The reason that there is a great differentiation between what KNN was promising and the final result is because the testing data that
were used in KNN's research paper [6] differ significantly from our
case.
Bundler
From the profiler results, we noticed that the step that takes most
time during the execution in the CPU is the Levenberg-Marquardt
(LM) algorithm. It is aimed to solve a linear system of equations for
bundle adjustment created out of the parameters given as input for
the Structure-from-Motion (SfM) process. The function that solves
this equations system is in the library sba-1.5 [8], and it takes 22.1%
of the execution time.
Based on the described result we decided that the LM procedure
should be parallelized. In order to do it, an existing implementation
of the Bundler that uses Multi-Core CPU and Single-GPU implementations
of the SfM was used [9]. That implementation is focused
on reducing the use of memory and time in the execution
of the Hessian, Schur complement and Jacobian, which are usually
used by LM to reduce the size of the linear system [10]. The
code is contained in the library libpba, which was integrated in the
application and used instead of sba-1.5 [7].

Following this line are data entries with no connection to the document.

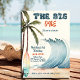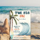 Faites le tour de la vague pour fêter un premier anniversaire ! Cette invitation à la plage, inspirée du surf, présente des vagues de l'océan, des palmiers et une ambiance tropicale décontractée, parfaite pour un petit surfeur !
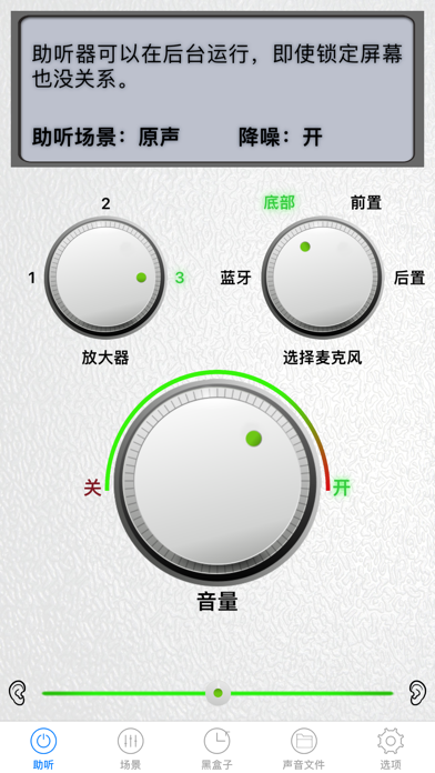 利用苹果手机的多个麦克风和先进的音频算法把手机变成高级助听器或监听器。 特性: 1、3级音频放大器。用户可以选择适合自己的音量放大级别,舒适听音。调整音量,丝般顺滑。 2、听力保护。放大音量可以听清微小的声音细节,但是如果不加限制地放大任何声音,巨大的声响会引起耳朵疼痛、头晕等症状,甚至永久损伤听力。本app采用先进的算法,放大弱音细节的同时抑制强音,不但让声音听起来清晰悦耳,还能保护您的听力。 3、多场景选择。本app加入为增强听力而专门设计的12段音频均衡器,并提供预设的6种听音场景,分别针对会话、音乐、影视以及高、中、低三种频段的听力损失。用户也可以根据情况定制自己的场景。从而能精确补偿听力损失,微调声音细节。 4、麦克风选择。目前,不同型号的iPhone提供3到4个麦克风。它们分别位于手机下面、前面听筒位置和背后摄像头旁边。您可以根据手机放置位置和音源方向选择对准音源的麦克风,从而获得更清晰的声音。同时可以隐蔽监听。 5、黑盒子功能。就像飞机的黑盒子一样,此助听器始终保持刚刚过去5分钟的声音信息。您可以随时回放、永久保存,让您不错过任何有用信息。 6、拥有专业录音机功能。 7、高品质采样。使用CD音质的采样率,让声音细节完美呈现。 8、降噪。打开降噪,将有效降低环境噪音,让声音更清澈纯净。 9、支持蓝牙和有线耳机。 10、在后台和音乐、视频、游戏软件并行。本软件支持和绝大多数音乐、视频、游戏软件同时运行。即使您听着音乐、看着视频、玩着游戏也能监听声音。 11、支持左右耳音量分配。 12、后台运行和极低能耗。即使锁定屏幕,软件也可以正常使用。 13、提供七天时间免费试用完整版 法律信息: 请阅读助听器 - 监听神器的服务条款和隐私策略 服务条款:http://www.dawnstreamsoft.com/tou_cn.html 隐私策略:http://www.dawnstreamsoft.com/privacy_cn.html 订阅 助听器 - 监听神器可以被免费下载。我们向所有用户提供7天免费试用期。如果免费试用期过后您还想继续使用,我们提供自动续订的月度订阅服务:$4.99/月 除此以外,我们还提供另外两种订阅方式: 一季度:$13.49 ($4.49/月) 一年: $35.99 ($2.99/月) - 付款将在确认购买时向iTunes帐户收取 - 订阅自动续订,除非自动续订在当前期限结束前至少24小时关闭 - 账户将在续约结束前的24小时内收取续约费用 - 订购可由用户管理,购买后可通过转到用户的帐户设置关闭自动续订 - 在有效订阅期间不允许取消当前订阅 联系我们 如果您有任何问题或建议,请您联系我们。可以发电子邮件到support@dawnstreamsoft.com, 注明助听器相关。或者请访问我们的网站:http://www.dawnstreamsoft.com 期待收到您的消息。优化软件,提升用户体验。
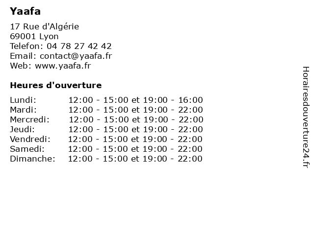 | Dimanche | 12:00-15:00 et 19:00-22:00 |
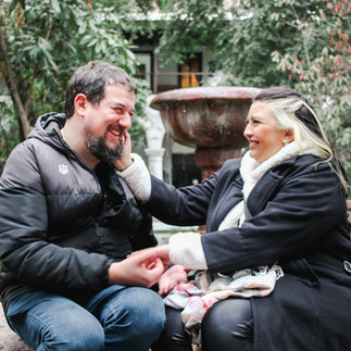 A Naira tinha agendado comigo um ensaio em Santiago e, uma certa noite, o noivo dela entra em contato comigo escondido pedindo que eu fizesse as fotos do pedido que ele iria fazer no momento do nosso ensaio. Dentro do roteiro que eu já tinha fechado com a Naira, precisei "adaptar" e descobri o charmoso jardim do Museo de Arte Colonial San Francisco. O pedido de Naira e Edson aconteceu em julho.
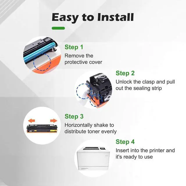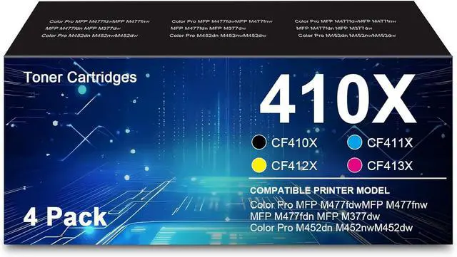 Package Includes: 410X Compatible Toner Cartridge 4 Pack (Black CF410x Cyan CF411x Yellow CF412x Magenta CF413x )
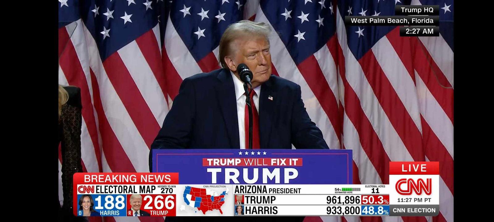 Трамп во моментот има 266 освоени електорални гласови, само 4 помалку од потребните 270, кои несомнено ќе ги освои.
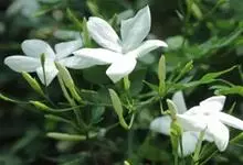 素馨花,木犀科素馨属多年生的攀援灌木植物。攀援灌木,小枝圆柱形,具棱或沟;叶对生,叶轴常具窄翼,小叶片卵形或长卵形;聚伞花序顶生或腋生,花序梗长,苞片线形,花萼无毛,裂片锥状线形,花冠白色,…全部>>
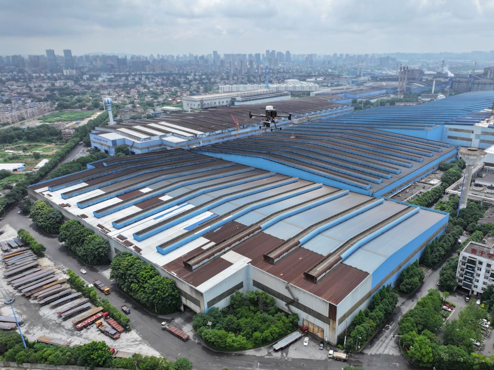 2024年6月13日,在湖南省湘潭市,無人機(jī)在湘潭鋼鐵集團(tuán)有限公司進(jìn)行智能巡檢(無人機(jī)照片)。無人機(jī)智能巡檢系統(tǒng)利用5G通信、北斗定位技術(shù)和“AI+機(jī)器視覺”等技術(shù),針對人員點檢不便的問題,對廠內(nèi)多場景進(jìn)行無人機(jī)定期智能巡檢,實現(xiàn)高爐測溫、電力絕緣端子巡檢等工作。 新華社記者 陳澤國 攝
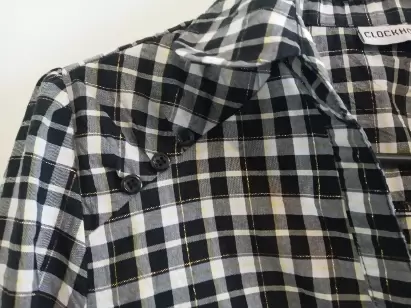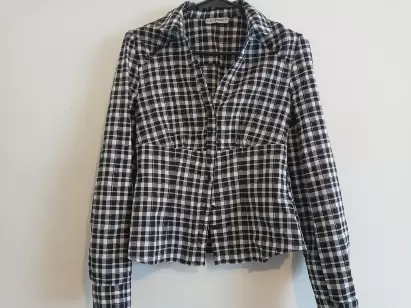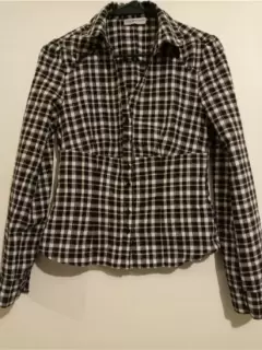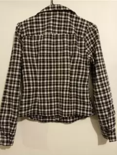 Blusa a cuadros manga larga. Prenda completamente #excelente estadoBlusa estampado a cuadros, con botones delanteros, manga larga y cuello "V" Tela ligera. Hombro 39 cm Largo 53 cm Largo Manga 62.3 cm Talle o cintura 76 cm Pecho 82 cm Puño 23 cm Composición 51% Algodón 38% Poliéster 1% hilo metal.
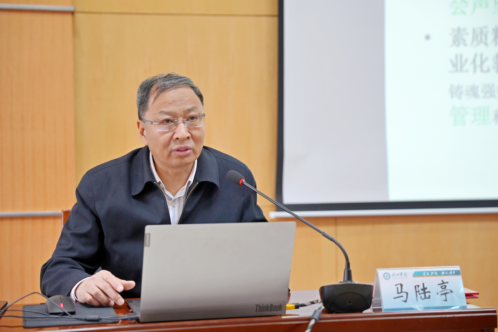 马陆亭作了题为《弘扬教育家精神 促进教师专业发展》的专题讲座。讲座内容以教育家精神为引领,通过“五维立体”的学术建构,全景式勾勒了新时代教师发展的战略图谱。从铸魂强师的教育家精神内核,到“升维”发展的时代命题;从教育强国建设的深层逻辑解构,到高等教育系统性变革的前瞻研判,最终聚焦教师专业发展的实践进路。既构建了新时代教师发展的理论坐标系,又铺设了教育家精神落地生根的实践路径,为我校建设新时代高素质专业化教师队伍提供了重要理论参照和实践指南。
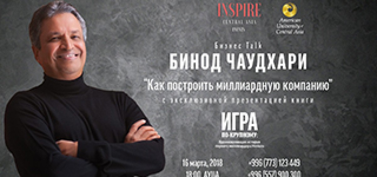 Inspire Central Asia совместно с АУЦА организовывают встречу с миллиардером списка Forbes Бинодом Чаудхари с лекцией "Как построить миллиардную компанию" 16 марта, 2018 в АУЦА!
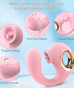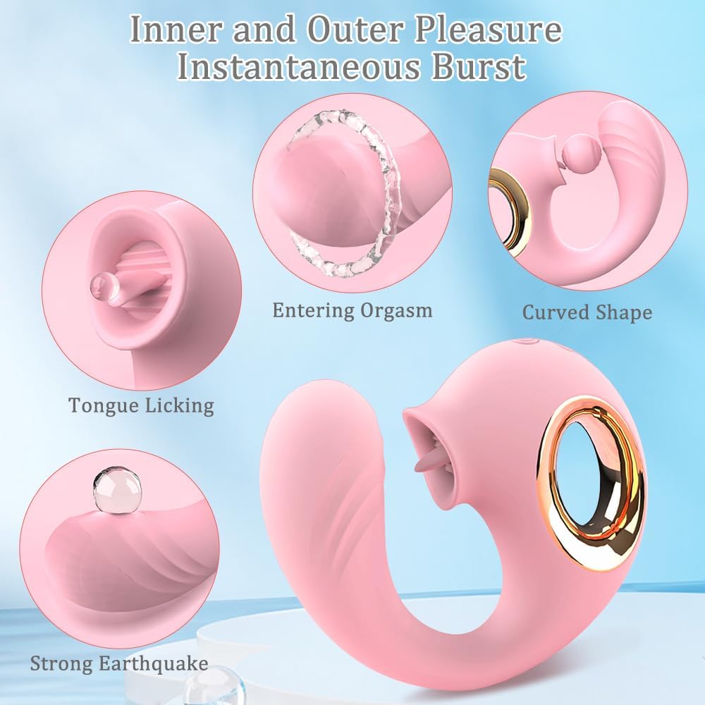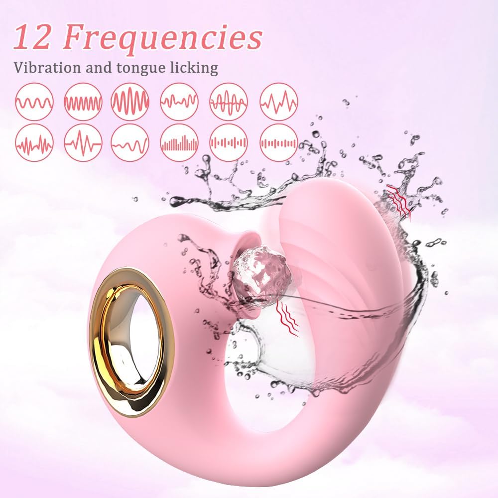 12-Speed Pink Silicone Rechargeable Massager with Vibrating and Tongue-Licking Functions
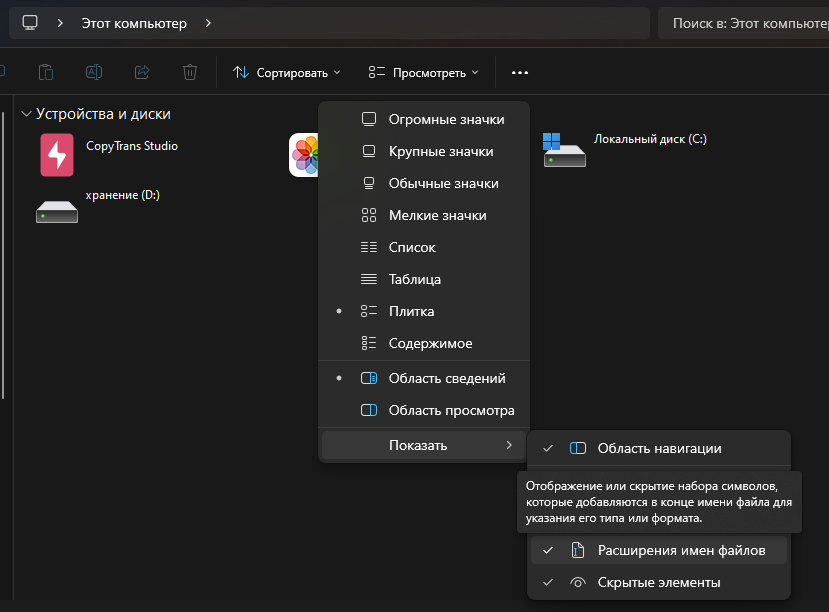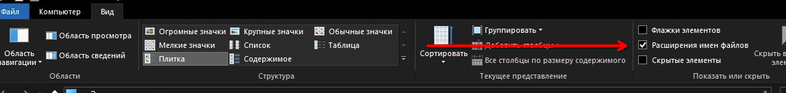- Выберите вкладку "Вид" и поставьте галочку на настройке "Расширения имён файлов"

After the integration was performed, we ran experiments in
order to compare the performance between the Single-CPU, Multi-
CPU and Single-GPU approaches. The three data sets described
in the introduction of this paper were used. In every experiment
two measurements were taken, the time of execution of the SfM
routine (which was parallelized) and the total time of execution of
the Bundler. The results obtained are presented in Figure 5.

As it can be observed in the Figure 5, after the parallelization
of the Structure-from-Motion the reduction in the execution time
of this routine influenced the total execution time of the Bundler. The total time decreased according to the speedup factors of the
Structure-from-Motion routine, which can be observed in Figure 6.